Chapter 29: Using Toolbars and ToolTips

Toolbars are one of the more recent GUI developments, relatively speaking. Although not an exclusive feature of Windows, they were first popularized there, unlike so many other GUI idioms popularized on the Mac. The toolbar has great strengths and weaknesses, but these are complementary to those of its partner, the menu. Whereas menus are complete toolsets with the main purpose of teaching, toolbars are for frequently used commands and offer little help to the new user.

Toolbars: Visible, Immediate Functionality

The typical toolbar is a collection of butcons, usually without text labels, in a horizontal slab positioned directly below the menu bar or in a vertical slab attached to the side of the main window. Essentially, a toolbar is a single row (or column) of immediate, graphical, always-visible menu items.

Great ideas in user interface design often seem to spring from many sources simultaneously. The toolbar is no exception. It appeared on many programs at about the same time, and nobody can say who invented it first. What is clear is that its advantages were immediately apparent to all. In a stroke, the invention of the toolbar solved the problems of the pull-down menu. Toolbar functions are always plainly visible, and the user can trigger them with a single mouse click.

Toolbars are not menus

Toolbars are often thought of as just a speedy version of the menu. The similarities are hard to avoid: They offer access to the program's functions, and they usually form a horizontal row across the top of the screen. Designers imagine that toolbars, beyond being a command vector in parallel to menus, are an identical command vector to menus. They think that the functions available on toolbars are supposed to be the same as those available on menus.

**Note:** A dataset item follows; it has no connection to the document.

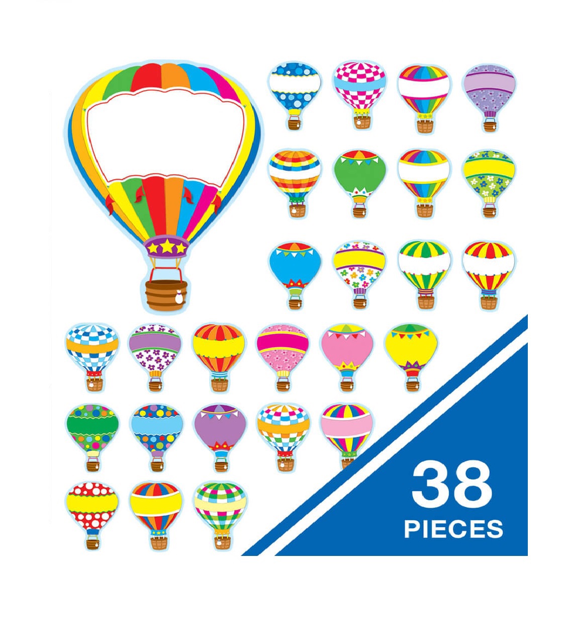 Incluye: un gran globo de aire caliente (16 ″ x 23 ″), una superposición de globo en blanco, 36 globos pequeños

But the purpose of toolbars is actually quite different from the purpose of menus, and their composition shouldn't necessarily be the same. The purpose of toolbars and their controls is to provide fast access to functions used frequently by those who have already mastered the program's basics. Toolbars offer nothing to beginners and are not designed with that purpose in mind. The menu is where the beginner must turn for help.

DESIGN TIP 

Toolbars provide experienced users fast access to frequently used functions.

The great strength of menus is their completeness and verbosity. Everything the user needs can be found somewhere on the program's menus. Of course, this very richness means that they get big and cumbersome. To keep these big menus from consuming too many pixels, they have to be folded away most of the time and only popped-up on request. The act of popping up excludes menus from the ranks of visible and immediate commands. The tradeoff with menus is thoroughness and power in exchange for a small but uniform dose of clunkiness applied at every step. The butcons on toolbars, on the other hand, are incomplete and inscrutable; but they are undeniably visible, immediate, and very space-efficient compared to menus.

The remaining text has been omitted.